Al Salam 313 is a political organization and criminal gang of conservative Shia Iraqis in Western Europe. The gang was founded by the style of a motorcycle club by Mohammed Bunia in Germany. The Salam 313 has members in Central and North Europe and is based on the ideology of the Iraqi Shia militia Sarāyā al-Salām (former Mahdi Army). The group threatens Iraqis in Europe who live a secular or Western lifestyle and speak against the religious Shia-led Iraqi government.

== Background and connections ==
The Salam 313 is a highly organized criminal society and organized crime group which was founded by the religious Shia, ethnically Kurdish, tribal Feyli, and Iraqi-born gangster by the name of Muhammad Bunia, who is the current the boss of the organization. "Al Salam" literally means "The Peace"; the number "313" is the number men who accompanied the Islamic Prophet Muhammad during the Battle of Badr and is said by Shias to be the number of people that will accompany the 12th Shia Imam, Muhammad al-Mahdi, when he returns to the world during the end of times.

The gang has a white dove as heraldic animal in their emblem. The white dove refers to the militia of the Shiite cleric Muqtada al-Sadr, Seraya al-Salam. They have pledged allegiance to the Popular Mobilization Forces, a branch of the Iraqi Armed Forces without being under control of the Iraqi government.

Gang members are known in Germany, Sweden, Denmark and the Netherlands.
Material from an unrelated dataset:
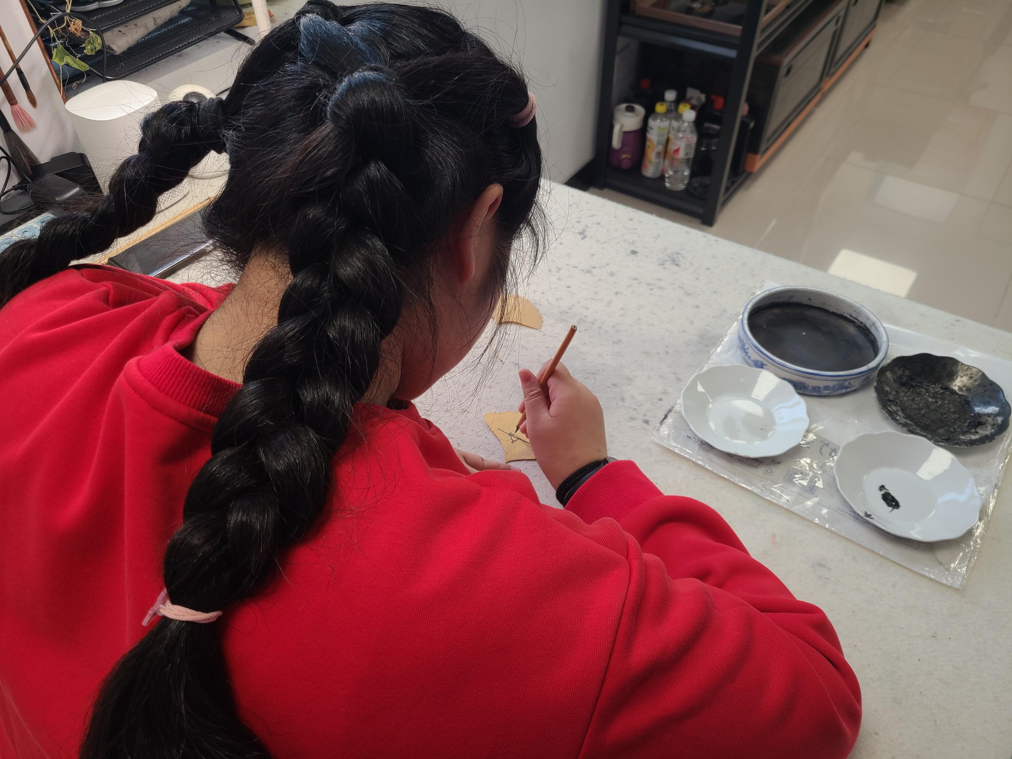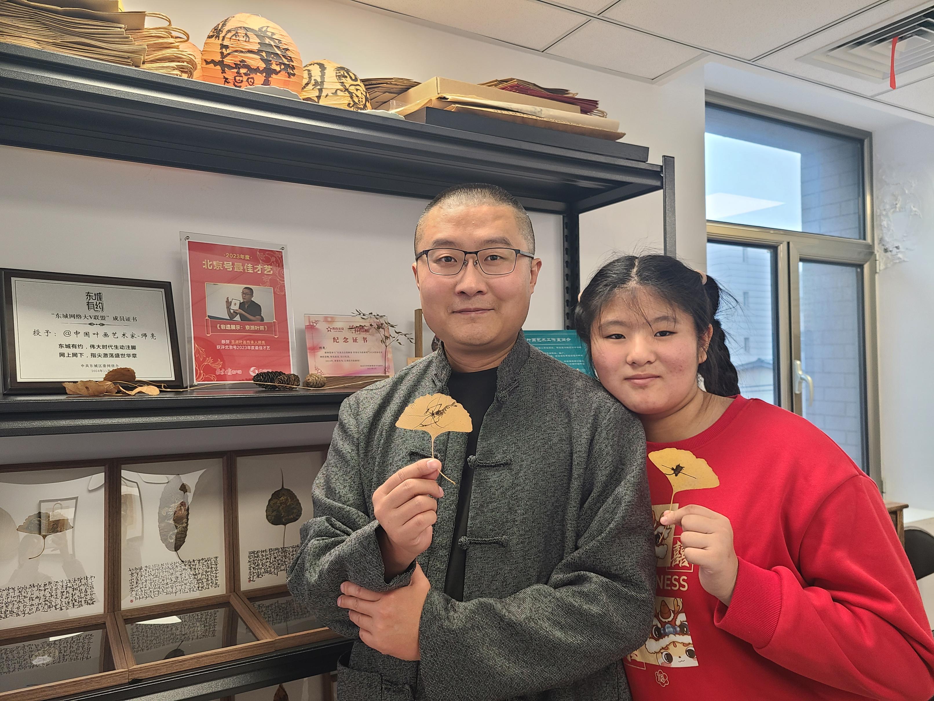 自2020年以来,师亮带着他的叶画作品走上2022年北京冬奥会、中国服贸会、阿联酋“魅力北京非遗风物展”等国内外活动的舞台,乐此不疲地展示并讲解叶画的千年底蕴和艺术魅力。叶画不仅传承技艺,更成为连接不同时代和群体的文化纽带。令人欣慰的是,师亮13岁的女儿师嘉悦受其影响,在学习之余,也开始走上传承叶画之路,钻研叶画技艺,已经成为与他并肩的“好战友”,甚至已有作品被收藏家收藏了。“叶画带我进入了新的世界,获得了宝贵的人生经历和温暖互动。”师嘉悦说,观众的认可成了激发她持续精进的动力。未来,她想在传统与创新的平衡中,逐渐发挥出自己的创作风格,将叶画传承下去。

== Police assessment and action ==
In May 2019 German police took action against Al-Salam 313, targeting 34 suspects. 800 police officers including SEKs (Spezialeinsatzkommandos) and officers of state security searched a total of 49 residential properties in Cologne area and the Ruhr area.

The gang is also seen in the context of Middle East family clans, involved in crime in Germany. The North Rhine-Westphalian state office of criminal investigation (LKA) saw no reason to put the merger on a par with "Outlaw Motorcycle Gangs", like "Hells Angels" and "Bandidos". The LKA also does not want to classify the group as "rocker-like".